Monday 2 November 2015

Book review: A History of Television in 100 Programmes

You know those lists you get of TV programmes, in (really annoying) TV programmes? This isn’t that sort of list.

It’s a list of TV programmes in a book and it’s much better.

First there are no talking heads and secondly this is someone who really knows their stuff. And author Phil Norman is so good at describing the programmes that you almost don’t need to see any clips. (Although it did make me want to see Heimat and Boys from the Blackstuff and Our Friends in the North again. Not to mention Tiswas.)

There’s an introduction, and then three pages each on the 100 programmes he has chosen (and lots of footnotes). The programmes are partly there because they’re memorable, and partly because they have something to say about how television has evolved.

I learnt that the first celebrity chef – complete with merchandise – set the tone for all the others when he appeared on British televisions in 1946. That Was The Week That Was began the “smutty path of least resistance” that has tarnished topical comedy ever since.  And the concept of the “story arc” pre-dates Doctor Who.

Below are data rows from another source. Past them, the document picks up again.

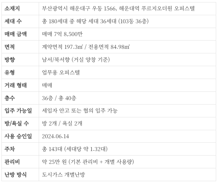 해운대역 푸르지오더원 오피스텔 84A타입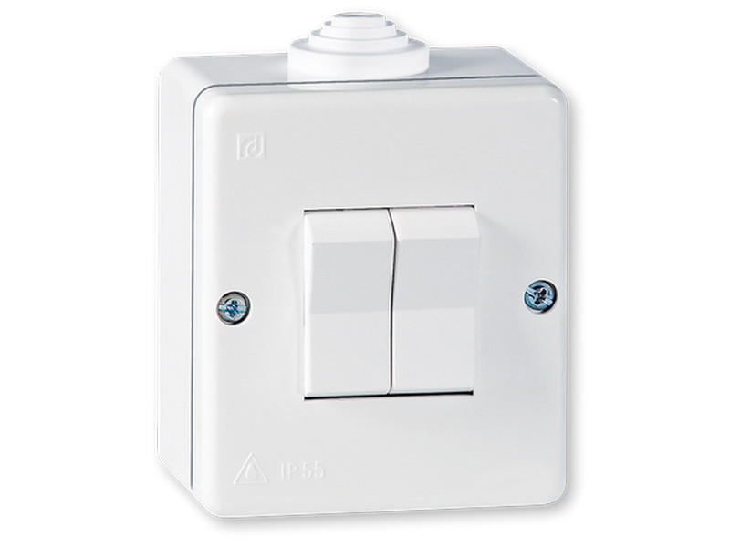 Sklopka serijska Ugradnja na zid pomocu vijaka prečnika do 4.5mm Nominalni struja/napon: 10A / 250V~ Dimenzije (d, v, š): 65mm x 76mm x 43mm Stepen zaštite: IP 55 Standard: IEC 60669-1, IEC 60529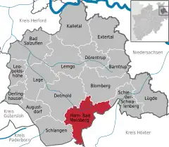 Se encuentra ubicado al este del estado, en la región de Detmold, en el bosque Teutónico, a poca distancia al sur de la orilla del río Weser y de la frontera con el estado de Baja Sajonia.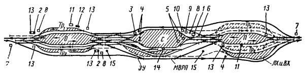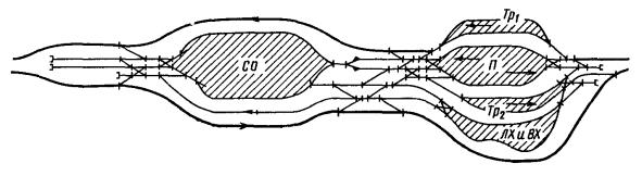 Проекты новых и развития существующих станций и узлов следует разрабатывать и осуществлять комплексно - по путевому, локомотивному, вагонному, пассажирскому, грузовому и энергетическому хозяйствам, устройствам СЦБ и водоснабжения и др. Технологически однородные сооружения и устройства различных служб, размещаемые на станциях и в узлах (административные, производственные и вспомогательные здания и помещения), должны быть, как правило, объединены. В проектах необходимо также предусматривать широкое кооперирование сооружений и устройств железной дороги с аналогичными сооружениями и устройствами других видов транспорта, промышленных предприятий и населенных пунктов, ремонтного хозяйства, устройств энергоснабжения, водоснабжения, канализации и других инженерных коммуникаций, а также создание общих жилых комплексов, учреждений культурно-бытового назначения и др.
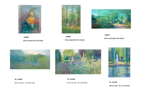 140877 139859 139860 Oil on canvas30 x 60 inches Oil on panel 48 x 32 inches Oil on canvas 40 x 32 inches FG 141287 FG 141288 Oil on canvas: 30 x 60 inches Oil on canvas: 36 x 66 inches FG 141293 Oil on canvas: 39 1/2 x 29 inches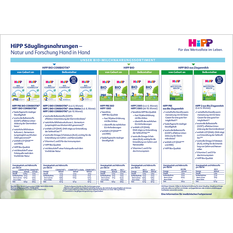 Hinweis: HiPP Milchnahrungen aus Bio-Ziegenmilch enthalten dennoch kuhmilchähnliche Proteine und dürfen daher nicht verwendet werden, wenn bereits eine Kuhmilcheiweißallergie oder der Verdacht auf eine solche besteht.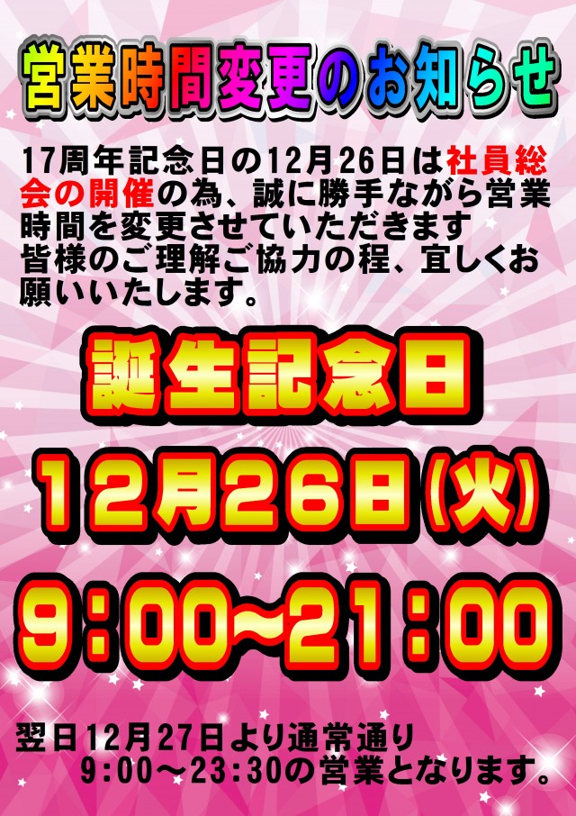 1位 12月26日(金) 2位 12月25日(木) 3位 12月21日(日)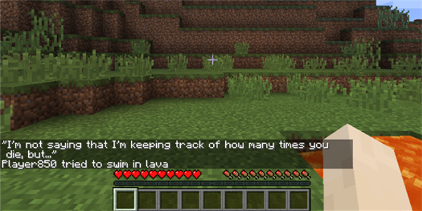 当玩家死亡时,游戏会向所有玩家宣布你的死亡,以及诸如“在熔岩中游泳”这样的条件。这个mod在这个消息的上面添加了一个有趣的有趣的引用。When a player dies the game announces to all players that you died and from what condition such as "swimming in lava". This mod adds a funny amusing quote just above that message.
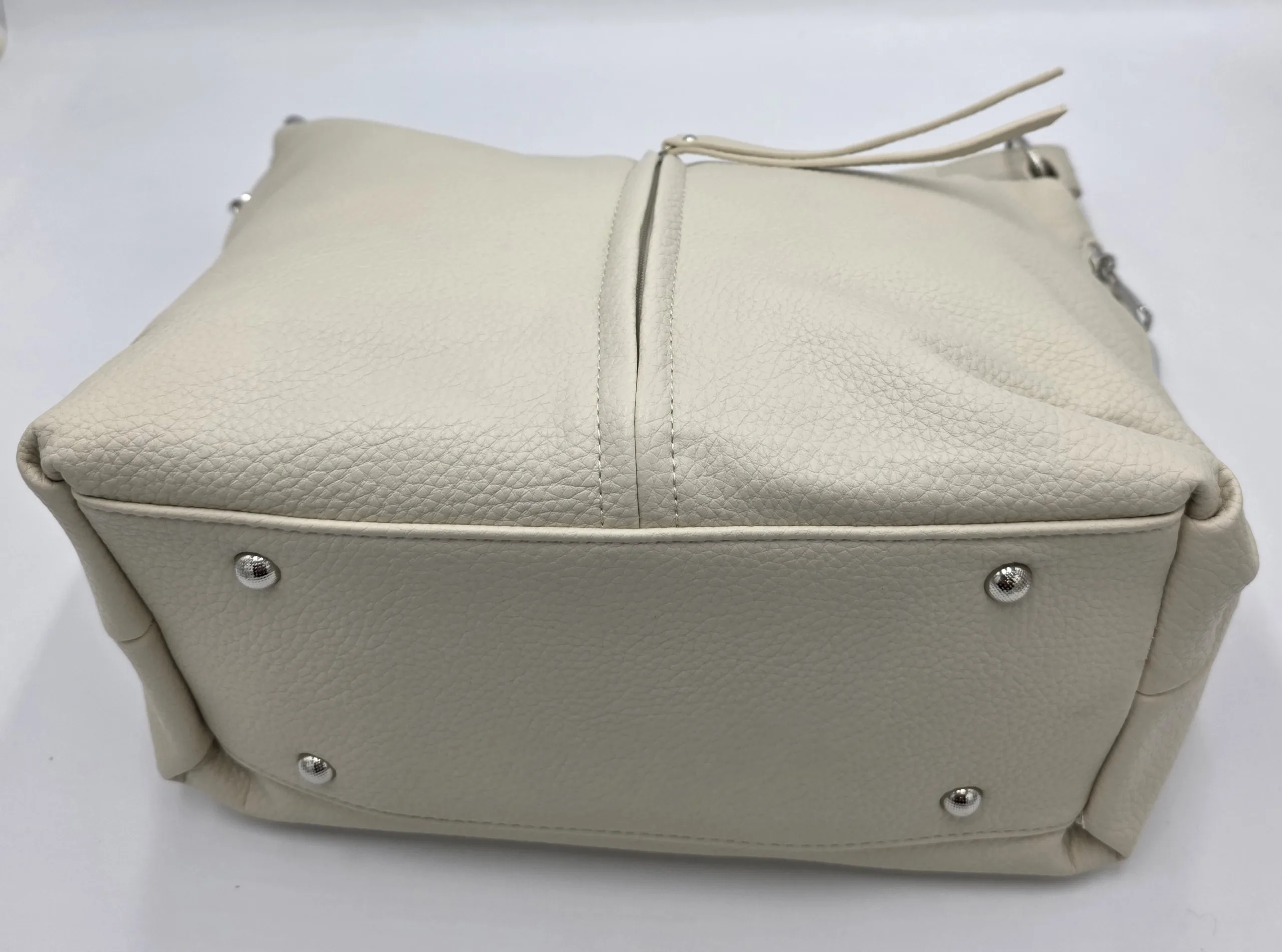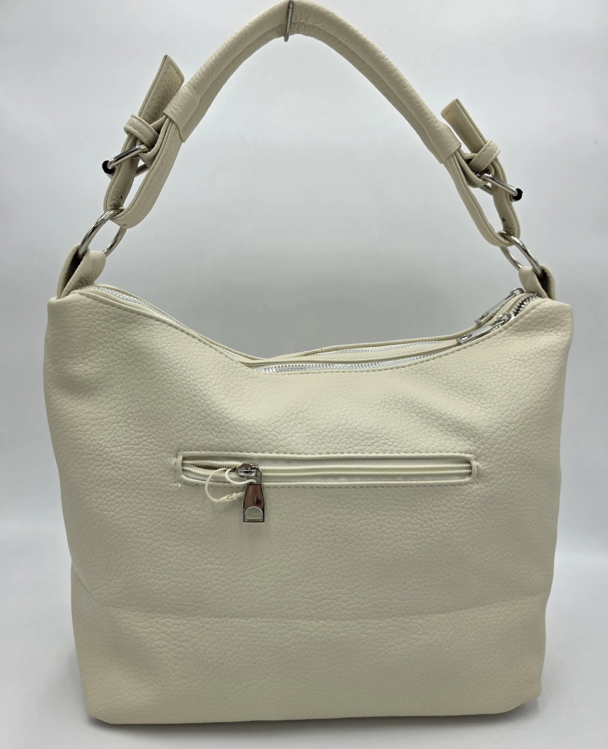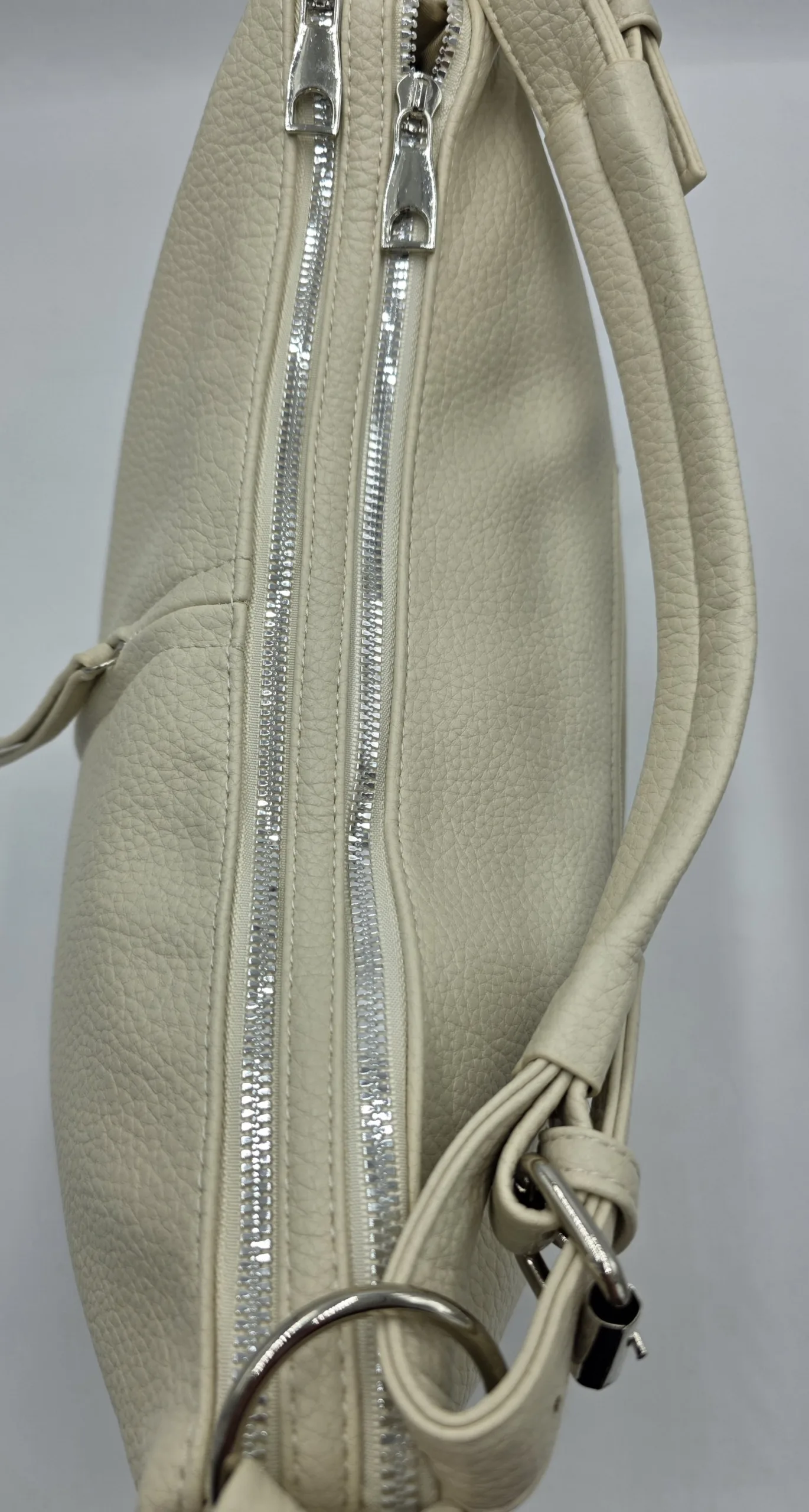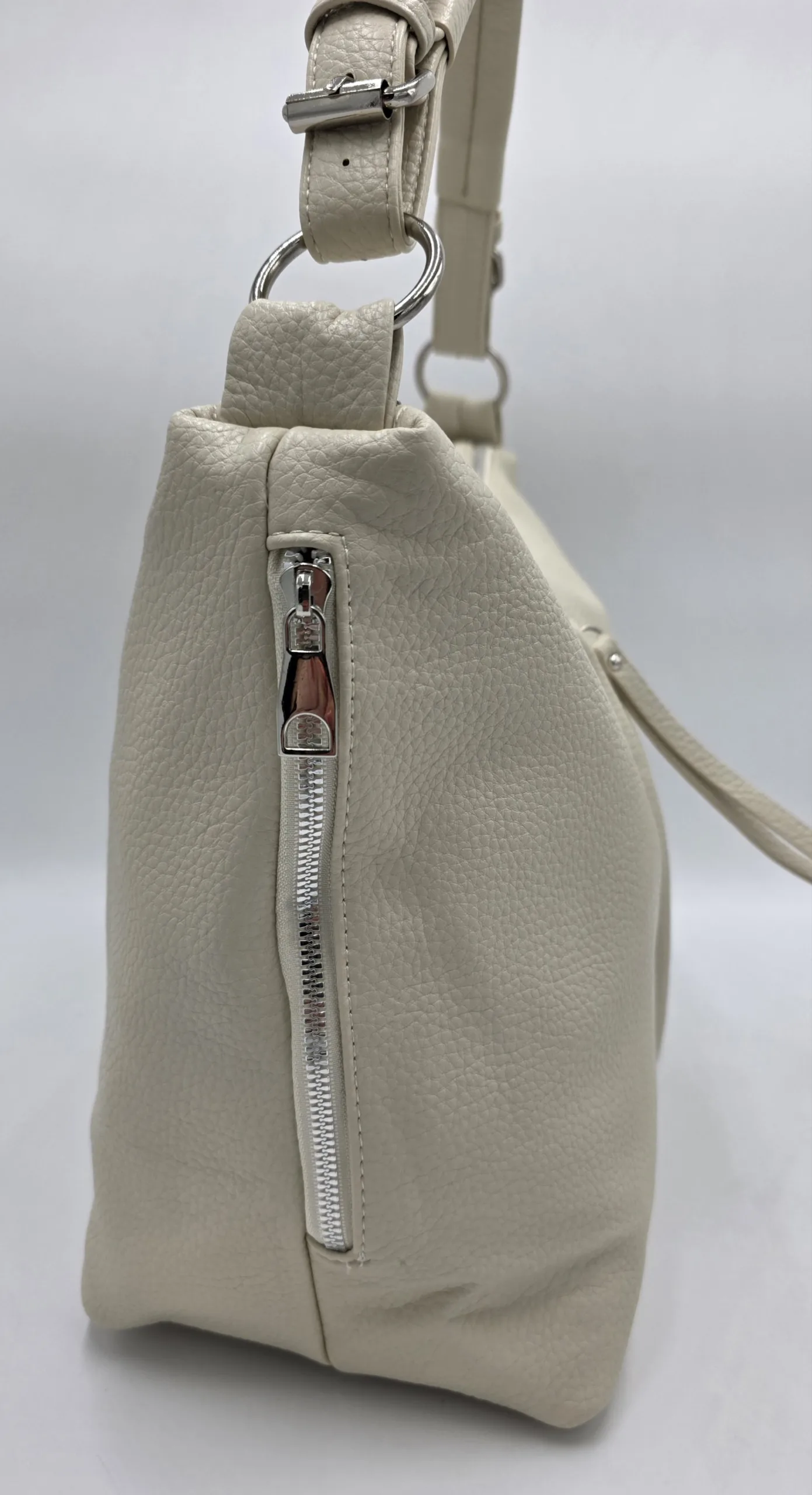 Ежедневна чанта от мека еко кожа с две отделни прегради затварящи се с цип, четири външни джоба с цип, вътрешен джоб с цип и допълнителни джобове за телефон, една дръжка 52см и допълнителна дълга регулираща се дръжка 150см. Ширина 43см, височина 28см,дъно 29см/15см

It’s both erudite and enthusiastic and, for such a long book, admirably economical. You can get a lot into three pages when you write this well: context, description, wit and a very nice turn of phrase. “Pavlovian faff” (audience participation comedy), “pious ennui” (Sundays).

And this description of Jonathan Meades, my favourite line in the book because it says so much in so little space about what’s wrong with documentaries: “the boy least likely to ‘go on a journey’ or be filmed studying archive footage on an iPad”.

There’s loads more good stuff I’d love to quote, but why don’t you just read it yourself? You’ll like it.

Music television is represented, as you might expect, by Six-Five Special and The Tube and, as you might not, by Kingsley Amis Goes Pop.

There’s also Supersonic, The Oxford Road Show, The Tube and The Max Headroom Show – all very much of their time, as their chapters remind us.  And who can forget Antoine de Caunes in Rapido: “a Max Headroom routine as retold by an espresso-fuelled Jacques Derrida”.  The X Factor gets a mention in passing (“treating a random MOR singing contest as if it were a war crimes tribunal”).

You can read this on a nostalgia level (I was delighted to find out I hadn’t hallucinated The Adventures of Twizzle), but you can also read it to get an education. I found out a lot. There’s even something about “retro punditry”. Turns out it’s not a symptom of 21st century dumbing down at all: it started in 1969.

Disclaimer: I was sent a review copy of this book.